Когда же босс прибыл, то Крохин уже знал, что бесповоротно и справедливо уволен, что в квартире его обитает рекрутированная пакистанцем особа родом из-под Винницы и бывшему менеджеру следует забрать из прошлой обители свои вещички.
С правотой пакистанца Крохин всецело согласился, тем более недостаток торгового опыта и ужасный английский нанятой дамы успешно компенсировался ее пышными формами, наверняка уже во всех нюансах изученными работодателем, чей взор при его обращении на нового продавца покрывался поволокой страсти, рожденной длительным вынужденным воздержанием.
Секс с белой женщиной стоил в Эмиратах немалых денег, а кокетничать с арабскими дамами было для бесправных временщиков делом чреватым: дамы, возможно, воспринимали внимание к себе благосклонно, но кошмарный закон категорически исключал контакты своего запакованного в чадру прекрасного пола с иноземцами.
Так что пакистанца было несложно понять.
И уже собрался Крохин за вещичками, раздумывая, у кого бы из приятелей перекантоваться и как бы заработать на билет до Москвы, как вдруг пакистанец, хлопнув себя по лбу ладонью, озарился улыбкой, сообщив, что друг его спонсора некий состоятельный араб - просил немедленно по освобождении из темницы направить разжалованного менеджера к себе домой.

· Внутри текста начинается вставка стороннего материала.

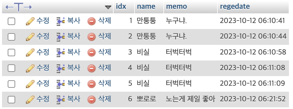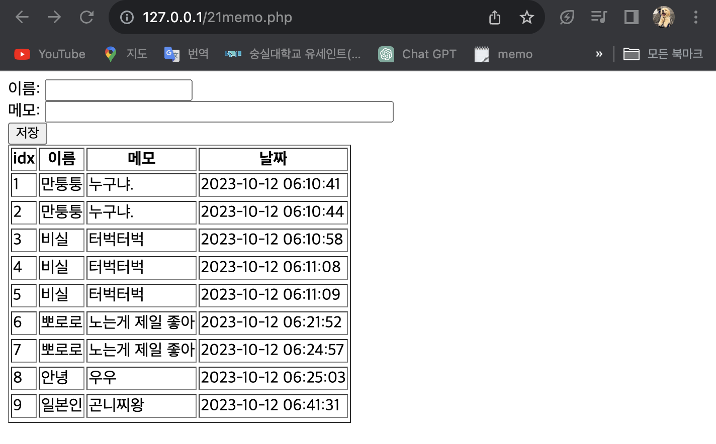 ➡️ memo.php 로 구성된 페이지, 사용자 입력 페이지이다. (html + php)

Вероятно, предположил пакистанец, араб ищет толкового русскоязычного работника.
Тут он взглянул на часы и, прервав речь, кинулся совершать намаз и только по окончании духовного культуризма дал Крохину необходимый номер телефона.

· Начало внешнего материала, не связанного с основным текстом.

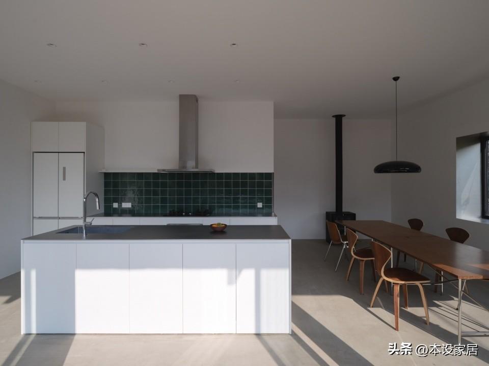 由於是新建的房子,融入更多現代元素,白色的櫥櫃和實木餐桌椅進行搭配,並以墨綠色瓷磚背板做點綴,簡約中透出沉靜質感,而大面玻璃推拉門,引入庭院景觀與自然光線,讓整個空間更加通透。

И вот впервые за долгое время своего пребывания на земле Аравии ступил Владимир в дом мусульманского патриция, в мраморные залы с фонтанами и с павлинами, уселся на низкий бархатный диванчик около инкрустированного костью из слоновьего бивня столика напротив сухощавого человека с острыми черными глазами - сухого, надменно-подтянутого, одетого в белейший бурнус, с сиянием бриллиантовых перстней на загорелых пальцах.
Араб, также оказавшийся не местным жителем, а уроженцем не то Саудовской Аравии, не то Кувейта, представился как Асса-фар, расспросил Владимира о его биографии, а затем сказал, что готов платить Крохину пять тысяч долларов наличными в месяц, если через недельку-другую отправится тот обратно в Россию, где необходимо арабу сформировать экипаж судна, плывущего под российским флагом, но под эгидой Гринписа с целью обследования затонувших советских подводных лодок.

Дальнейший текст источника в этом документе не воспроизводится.